### Provided information
◇ ◇ ◇ ◇

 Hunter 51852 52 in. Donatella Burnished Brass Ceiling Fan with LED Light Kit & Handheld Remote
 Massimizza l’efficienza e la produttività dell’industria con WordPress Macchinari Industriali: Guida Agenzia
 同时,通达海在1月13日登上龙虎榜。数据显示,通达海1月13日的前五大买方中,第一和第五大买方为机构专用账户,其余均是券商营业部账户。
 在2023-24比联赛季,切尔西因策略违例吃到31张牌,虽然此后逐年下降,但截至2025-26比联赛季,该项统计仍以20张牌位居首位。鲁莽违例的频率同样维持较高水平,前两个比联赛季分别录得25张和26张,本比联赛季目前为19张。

◇ ◇ ◇ ◇

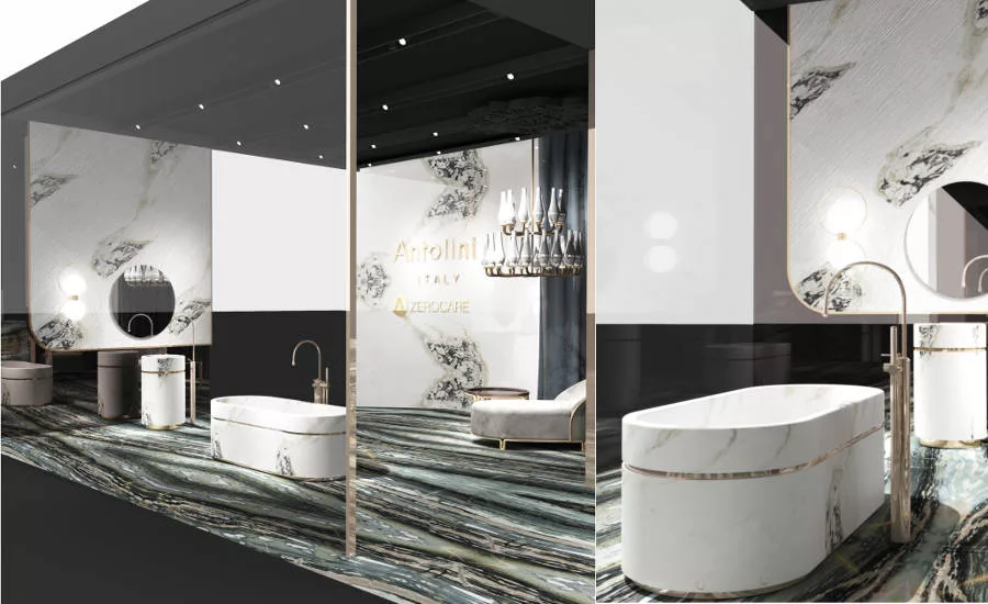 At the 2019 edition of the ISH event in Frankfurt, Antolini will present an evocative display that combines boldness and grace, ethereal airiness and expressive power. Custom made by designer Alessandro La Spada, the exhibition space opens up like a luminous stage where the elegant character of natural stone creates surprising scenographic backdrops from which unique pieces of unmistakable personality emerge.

◇ ◇ ◇ ◇

### Goal of the exercise
Start with the line above that contains "Hunter 51852 52" and end with the line that contains "在2023-24比联赛季,切". Write out those lines exactly, and only those.

### Result of the task
 Hunter 51852 52 in. Donatella Burnished Brass Ceiling Fan with LED Light Kit & Handheld Remote
 Massimizza l’efficienza e la produttività dell’industria con WordPress Macchinari Industriali: Guida Agenzia
 同时,通达海在1月13日登上龙虎榜。数据显示,通达海1月13日的前五大买方中,第一和第五大买方为机构专用账户,其余均是券商营业部账户。
 在2023-24比联赛季,切尔西因策略违例吃到31张牌,虽然此后逐年下降,但截至2025-26比联赛季,该项统计仍以20张牌位居首位。鲁莽违例的频率同样维持较高水平,前两个比联赛季分别录得25张和26张,本比联赛季目前为19张。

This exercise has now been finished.